**Stored data**
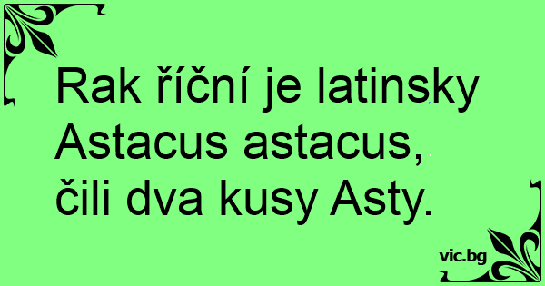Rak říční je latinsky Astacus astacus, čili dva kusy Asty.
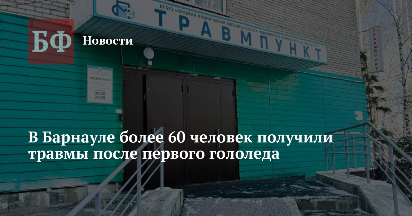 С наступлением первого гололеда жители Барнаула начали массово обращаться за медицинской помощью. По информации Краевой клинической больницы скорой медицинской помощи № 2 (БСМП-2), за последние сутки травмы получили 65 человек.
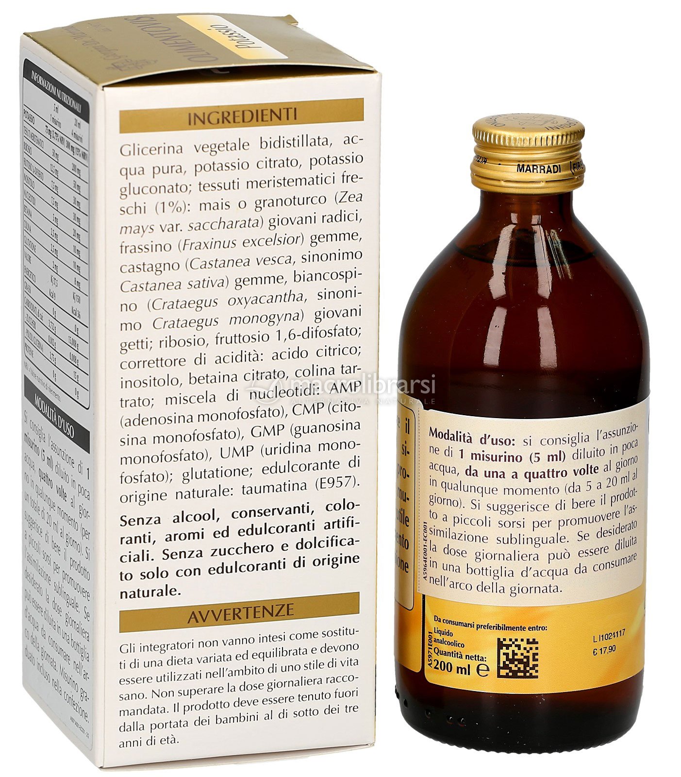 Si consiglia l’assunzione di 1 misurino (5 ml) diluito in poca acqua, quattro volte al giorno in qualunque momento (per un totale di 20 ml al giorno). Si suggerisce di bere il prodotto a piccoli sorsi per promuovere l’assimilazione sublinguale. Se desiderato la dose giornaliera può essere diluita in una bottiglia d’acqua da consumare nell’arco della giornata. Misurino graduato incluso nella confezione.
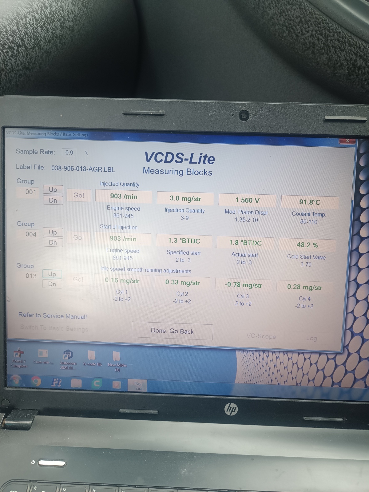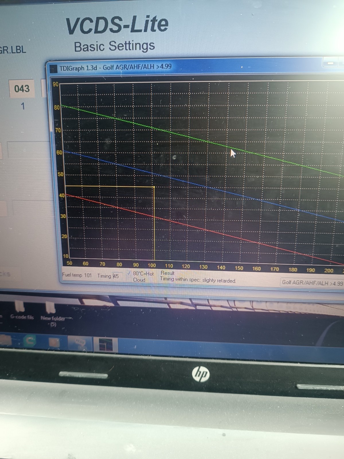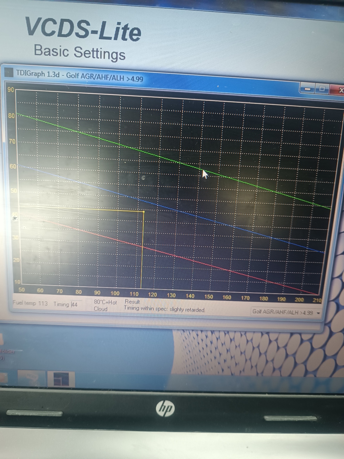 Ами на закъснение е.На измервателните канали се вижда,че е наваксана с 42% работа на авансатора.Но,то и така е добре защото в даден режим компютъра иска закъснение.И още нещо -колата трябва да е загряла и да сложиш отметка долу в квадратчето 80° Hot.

**Task goal**
Restate only the lines running from the start of the material above through the line containing "С наступлением первого", ends included. No pictures.

**Response below**
Rak říční je latinsky Astacus astacus, čili dva kusy Asty.
 С наступлением первого гололеда жители Барнаула начали массово обращаться за медицинской помощью. По информации Краевой клинической больницы скорой медицинской помощи № 2 (БСМП-2), за последние сутки травмы получили 65 человек.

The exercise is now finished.